3.2 Inflammatory Signaling Pathways Associated with IBC

Several intrinsic pathways driven by oncogenes or tumor suppressor genes have been shown to activate the expression of inflammation-related programs in both IBC and breast cancer in general. These pathways are described below.

NF-κB The nuclear factor of kappaB (NF-κB) family of sequence-specific transcription, known to play a critical role in inflammation and the innate immune response, has recently been implicated in tumorigenesis. It is ubiquitously expressed in all cell types, where, in most cases, it is maintained in an inactive state in the cytoplasm bound to a class of inhibitory proteins known as IκBs (inhibitors of κB). Activation of NF-κB occurs by a variety of stimuli and is regulated in normal cells via two main pathways, the classical (canonical) pathway and the alternative (non-canonical) pathway (Prasad et al. 2010). Both pathways involve kinase-dependent degradation of inhibitory molecules to release NF-κB, but they differ in the inhibitory molecule involved, the activated kinases, and the types of NF-κB proteins as well as the stimuli that trigger them. Upon activation, NF-κB is transported to the nucleus, where it upregulates the expression of target genes that are responsible for a wide variety of effects, including the inflammatory and immune response, proliferation, cell–matrix adhesion, chemotaxis, and angiogenesis (Shostak and Chariot 2011).

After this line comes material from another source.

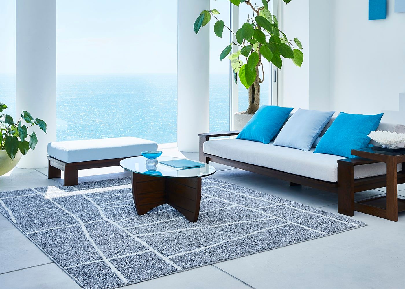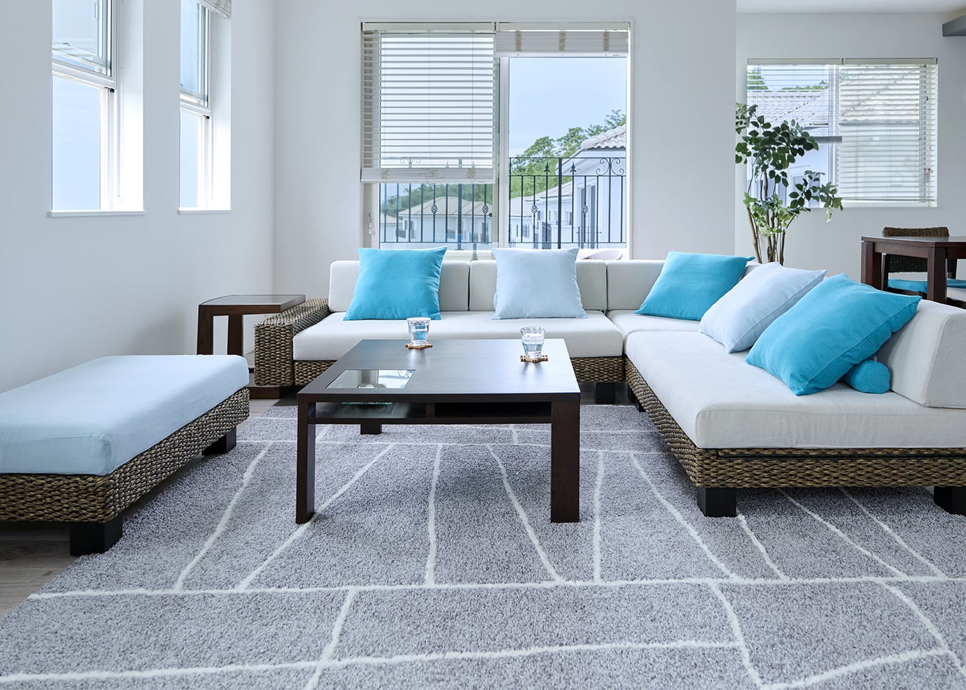 海の湘南をイメージした爽やかなLDK実例。海をイメージしたコーディネートや、砂浜のようなラグでリゾート気分が上がります。(写真はライトグレー1900×2400mm)

In a variety of cancers, including breast cancer, NF-κB undergoes persistent (constitutive) activation (Nakshatri et al. 1997). Laere et al. (2005) performed a genome-wide expression profile using a cDNA microarray to compare IBC and non-IBC tissue samples. The authors reported that an unusually high number of NF-κB target genes were differentially overexpressed in IBC versus non-IBC. In a similar study, the mRNA expression levels of 60 NF-κB-related genes were compared in IBC versus non-IBC samples using real-time quantitative RT-PCR. The authors reported that approximately 60 % of NF-κB-related genes were upregulated in the IBC samples compared to non-IBC samples. The resulting five-gene molecular signature was matched with patient outcomes; it included two genes that are regulated by NF-κB (Lerebours et al. 2008). Collectively, these studies confirm the importance of NF-κB in IBC and its contribution to the aggressive phenotype of IBC.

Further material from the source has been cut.